▶ **AIM OF THE TASK**
In the listing that follows, print every line exactly and leave the images out.

▶ **COLLECTED DATA**
**********

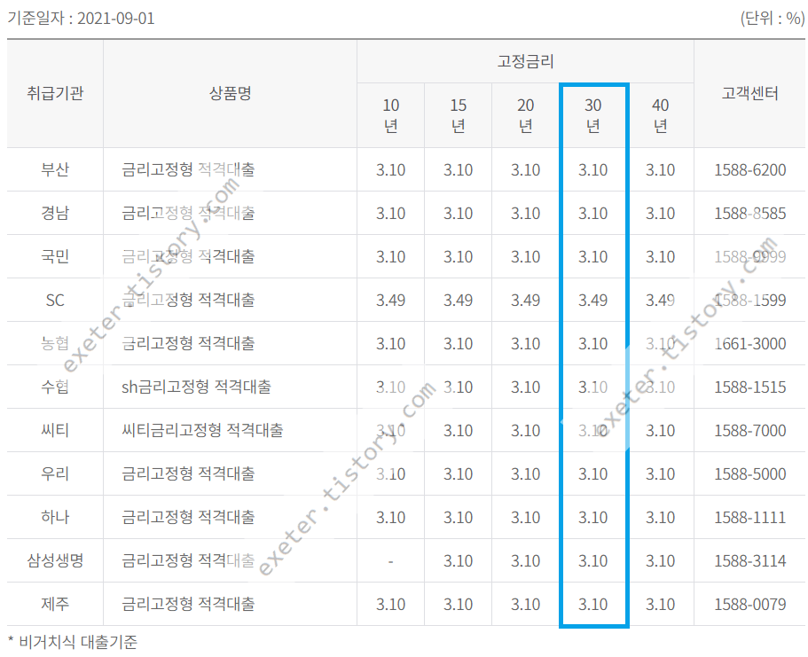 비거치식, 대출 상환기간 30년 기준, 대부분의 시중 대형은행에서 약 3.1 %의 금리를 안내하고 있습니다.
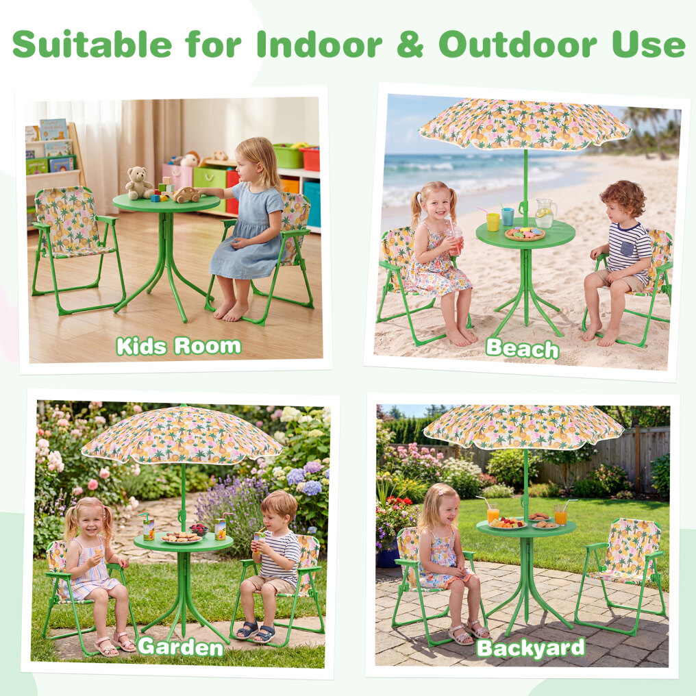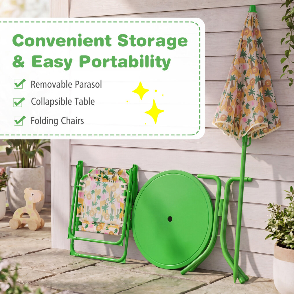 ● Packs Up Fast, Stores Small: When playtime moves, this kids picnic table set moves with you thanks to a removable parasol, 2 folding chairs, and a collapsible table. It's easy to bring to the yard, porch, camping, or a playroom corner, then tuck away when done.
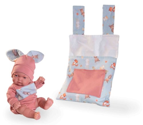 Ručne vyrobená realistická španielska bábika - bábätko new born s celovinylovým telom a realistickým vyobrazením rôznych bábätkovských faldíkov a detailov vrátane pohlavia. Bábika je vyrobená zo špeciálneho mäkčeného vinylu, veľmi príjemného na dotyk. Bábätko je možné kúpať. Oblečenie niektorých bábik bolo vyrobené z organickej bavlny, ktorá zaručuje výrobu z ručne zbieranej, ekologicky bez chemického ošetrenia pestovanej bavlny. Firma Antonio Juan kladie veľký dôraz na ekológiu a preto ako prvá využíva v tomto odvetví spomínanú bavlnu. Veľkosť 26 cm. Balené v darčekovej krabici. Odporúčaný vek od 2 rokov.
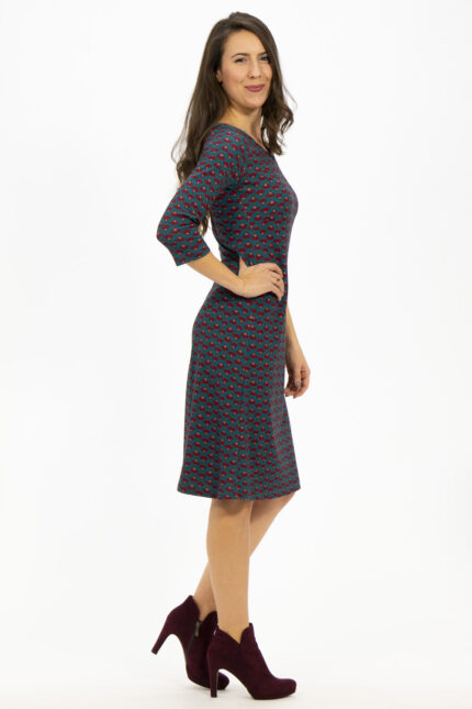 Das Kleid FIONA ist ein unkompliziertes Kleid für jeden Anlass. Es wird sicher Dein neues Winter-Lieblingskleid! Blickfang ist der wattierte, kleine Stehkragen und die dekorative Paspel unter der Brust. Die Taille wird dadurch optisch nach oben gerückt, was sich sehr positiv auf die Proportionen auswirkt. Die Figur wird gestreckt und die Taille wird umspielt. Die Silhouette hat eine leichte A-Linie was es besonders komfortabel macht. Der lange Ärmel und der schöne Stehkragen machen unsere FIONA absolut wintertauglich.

**********

▶ **EXPECTED ANSWER**
 비거치식, 대출 상환기간 30년 기준, 대부분의 시중 대형은행에서 약 3.1 %의 금리를 안내하고 있습니다.
 ● Packs Up Fast, Stores Small: When playtime moves, this kids picnic table set moves with you thanks to a removable parasol, 2 folding chairs, and a collapsible table. It's easy to bring to the yard, porch, camping, or a playroom corner, then tuck away when done.
 Ručne vyrobená realistická španielska bábika - bábätko new born s celovinylovým telom a realistickým vyobrazením rôznych bábätkovských faldíkov a detailov vrátane pohlavia. Bábika je vyrobená zo špeciálneho mäkčeného vinylu, veľmi príjemného na dotyk. Bábätko je možné kúpať. Oblečenie niektorých bábik bolo vyrobené z organickej bavlny, ktorá zaručuje výrobu z ručne zbieranej, ekologicky bez chemického ošetrenia pestovanej bavlny. Firma Antonio Juan kladie veľký dôraz na ekológiu a preto ako prvá využíva v tomto odvetví spomínanú bavlnu. Veľkosť 26 cm. Balené v darčekovej krabici. Odporúčaný vek od 2 rokov.
 Das Kleid FIONA ist ein unkompliziertes Kleid für jeden Anlass. Es wird sicher Dein neues Winter-Lieblingskleid! Blickfang ist der wattierte, kleine Stehkragen und die dekorative Paspel unter der Brust. Die Taille wird dadurch optisch nach oben gerückt, was sich sehr positiv auf die Proportionen auswirkt. Die Figur wird gestreckt und die Taille wird umspielt. Die Silhouette hat eine leichte A-Linie was es besonders komfortabel macht. Der lange Ärmel und der schöne Stehkragen machen unsere FIONA absolut wintertauglich.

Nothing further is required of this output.